I was working on a post on how to get thousands of people to like and follow your blog. While doing the research and carefully outlining all the steps you need to take, I realized that I have no idea how others are going to react to your blog. I can only tell you how I respond to your blog and what you might do to attract me as a reader. I offer the following as my rules for reading, following and liking a blog.
There is the theory that there are other people like me, and if you get me as a follower, you might get others like me. So, this post could either be a guide to getting more readers, or serve as a warning of what not to do. The choice is yours.
First thing you need when writing, is to know your audience. Here’s the kinds of blogs I like to read:
1. Personal essays, humorous stories of life, memoir, glimpse of the past and its impact on today, overcoming adversity, and the occasional cute cat story (they have to be really good, because my cat stories are cuter than yours).
2. Woodworking, especially projects you are working on, with pictures.
3. Prostate cancer personal experience blogs of those dealing with it, or supporting someone who has it.
4. Poetry, good poetry with images and metaphors that make me feel an emotion, picture a scene, or tell a story.
5. Writing blogs that focus on creativity, inspiration, challenges of being a writer, or general experiences of the writing life.
6. Faith based stories that are from my “radical middle of the road” perspective.
7. WWII history and remembrance.
Next thing you need to know about your audience is how to get your words in front of their eyes. Now, there is a chance that I might be doing a Google search or checking out blog recommendations on WordPress and discover your blog. Odds of that happening are remote as I rarely do that. Here’s how I most often discover new blogs to read:
1. Someone starts following my blog.
2. Someone leaves a comment on my blog.
3. Someone likes a post I’ve made.
4. I read a post on someone’s blog that mentions another blog that sounds interesting.
5. When reading another blog, I read an interesting comment and decide to check the commenter’s blog out.
6. A friend emails me about a blog they read.
When I do discover a new blog that falls into my interests, I’ll go check it out. What I’ll do when I get there is:
1. Read the “about page” if there is one. I like about pages, they can be fun.

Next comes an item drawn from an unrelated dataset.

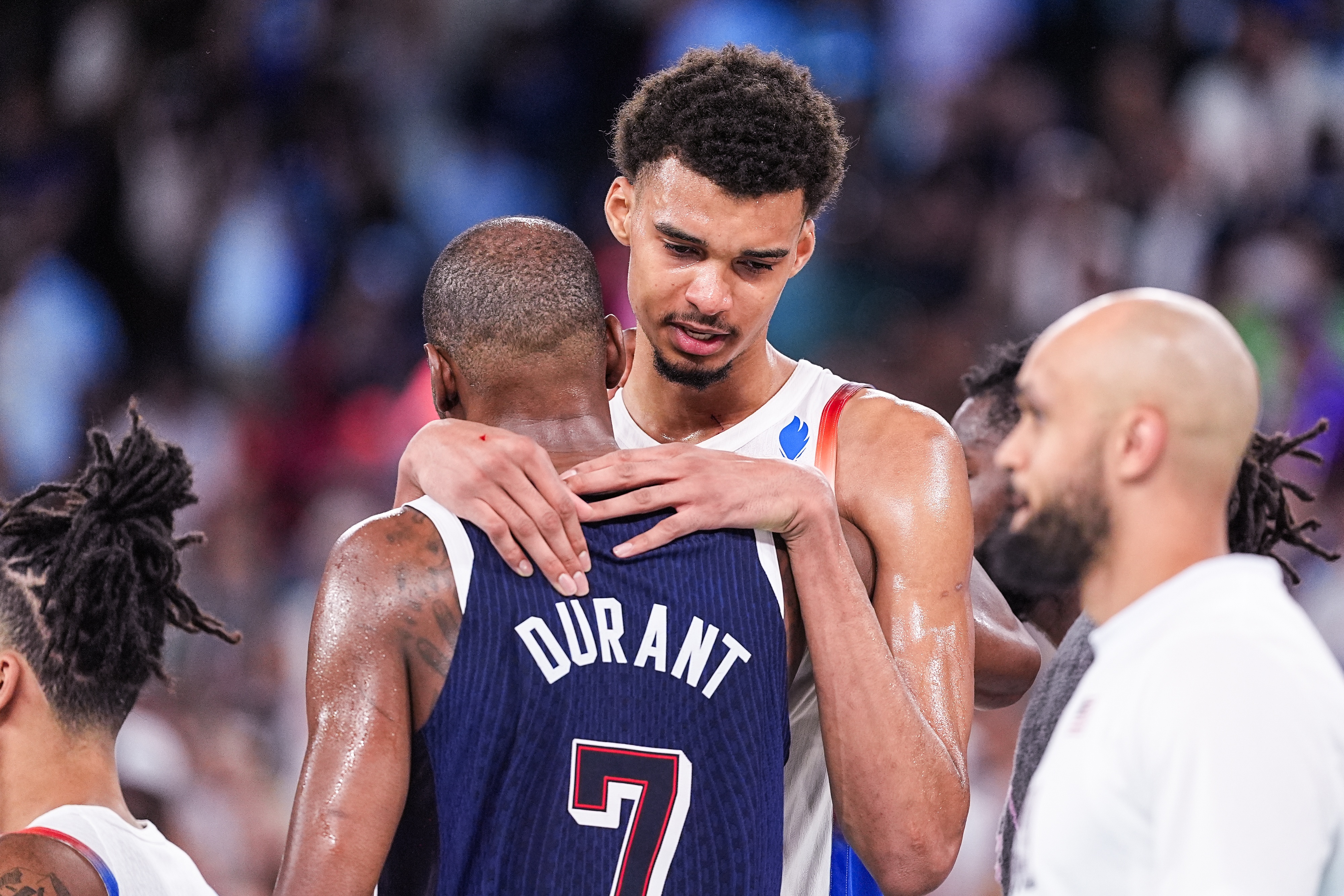 去年夏天,當(dāng)代表法國(guó)男籃的維克托-文班亞馬在其家鄉(xiāng)舉辦的奧運(yùn)會(huì)上距離金牌僅差一場(chǎng)勝利時(shí),他感到很難過……為那些擋在他和他的目標(biāo)之間的對(duì)手感到難過。

2. Will read one or two posts and see if they’re interesting to me.
3. Will check see how often the blogger posts. I like fewer, high quality posts.
4. If I like what I see and I can find a “follow” button, I’ll follow the blog.
Once I am following a blog, I rely on email to inform me when there is a new post. Yup, old-fashioned email. I get a lot of email in a day – work, blog stuff, ads, spam…
Here’s the hard truth, I don’t have time to read each email in detail – I have to pick and choose. I timed myself one day and I spend on average about four seconds per email (less if I can bulk delete things). I wish I could tell you that I am looking for gems to follow-up on, but in reality I am looking for junk to throw away. There is a long list of things that annoy me about people’s blogs and any one of these will cause me to click away from a post.
I was going to list all the annoying things, but I don’t want this post to devolve into my personal rant on what I dislike in the blogsphere.
If I am still reading a blog after four seconds, I’ll likely finish reading the and then I’ll decide whether or not to click the like button on the post. Provided there is a like button. Lately I’ve been surprised at the number of bloggers who’ve removed or haven’t enabled the like button for their posts. Liking a post is very much a choice I make, I don’t blindly click like.
Some final points:
1. I prefer quality over quantity. I’d much rather get one outstanding post in a week than five posts a day.
2. I like playful humor, especially where a writer takes a small incident and turns it into a humorous essay. Something like: you ran out of clean socks and all the problems that is causing you.
3. I appreciate skillful and clever use of language.
4. I love it when poets take time to record themselves reading their poems and post the audio file along with the text.
5. I like to learn obscure facts. The more obscure the better.
and one thing I really dislike is numbered lists – you know posts that list the “Top five ways to …”
Humm, guess I won’t be liking my own post.